Problem: Let $ P $ be a partition on a real interval; $P=\{a=x_0<x_1<\cdots<x_n=b\}$. Suppose we have two Riemann integrable functions denoted $f$ and $r$.
Then $$\sum^n_{i=0} \sup\lvert fr\rvert(x)(x_i-x_{i-1}) \le \sqrt{\sum^n_{i=0} \sup f^2(x)(x_i-x_{i-1})} \sqrt{\sum^n_{i=0} \sup r^2(x)(x_i-x_{i-1})}.$$
Attempt: I took the infimum of the equation over all partitions to get
$$\lvert \int fr \,dt \rvert \le \int \lvert fr \rvert \,dt \le \sqrt{\int f^2 \,dt} \sqrt{\int r^2 \,dt}$$
I know the Cauchy-Schwarz inequality is useful in this proof; which says
$$\lvert \sum^n_{i=1} a_jb_j \rvert ^2 \le \sum^n_{j=1} \lvert a_j \rvert ^2 \sum^n_{j=1} \lvert b_j \rvert ^2 $$
But I'm having trouble identifying my $a_j$ and $b_j$ in this case.

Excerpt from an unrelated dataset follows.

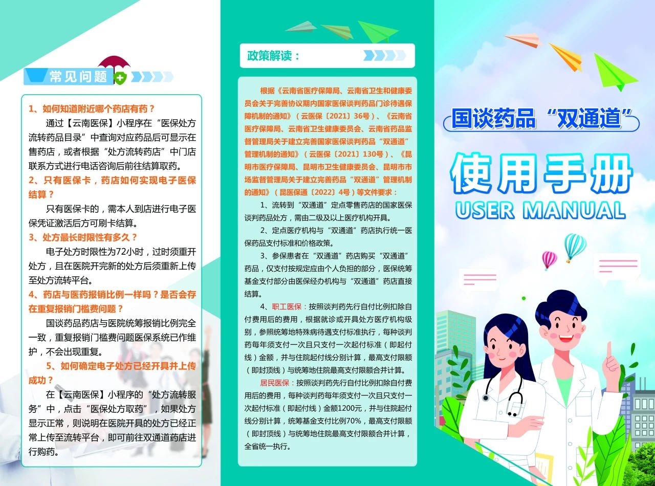 “双通道”管理机制是国谈药落地的重要举措,政策的出台改变了原有医保统筹基金在医疗机构支付的单一途径,纳入部分社会定点零售药店,提升了国谈药的可及性。目前,昆明已实现国谈药品种“双通道”全覆盖,国药控股云南公司在昆明的7家药房紧邻三甲医院、均已取得“双通道”管理资质,国药控股在全国的“双通道”定点药房已达1100多家。
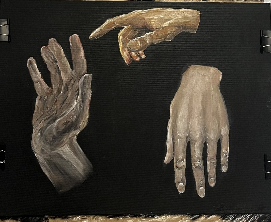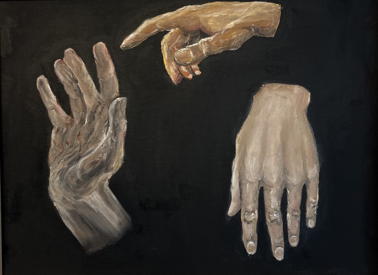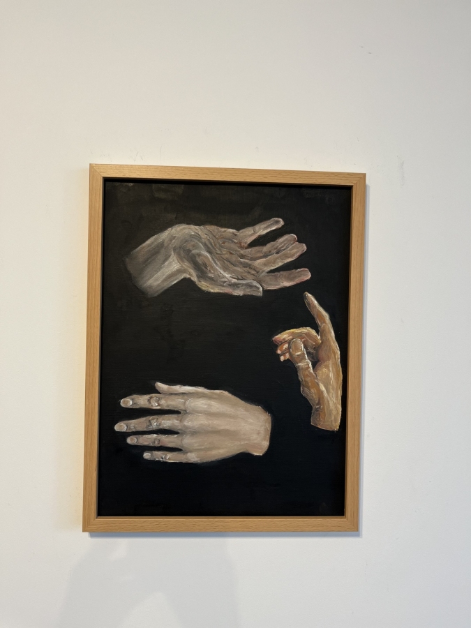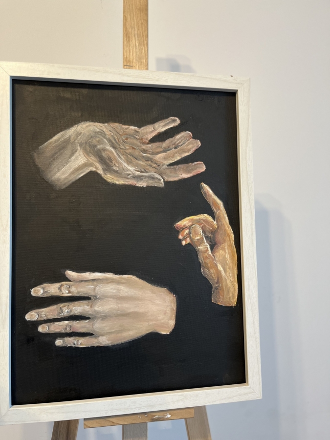 Symboliczna kompozycja trzech dłoni na czarnym tle – o emocjonalnej, niemal mistycznej aurze. Malowany olejem na płycie.Rama

hint: $\text{sup}|f\cdot r|(x_i-x_{i-1}) \leq \text{sup}|f|\sqrt{(x_i-x_{i-1})}\cdot \text{sup}|r|\sqrt{(x_i-x_{i-1})}$.
$a_i = \text{sup}|f|\sqrt{(x_i-x_{i-1})}, b_i = \text{sup}|r|\sqrt{(x_i-x_{i-1})}$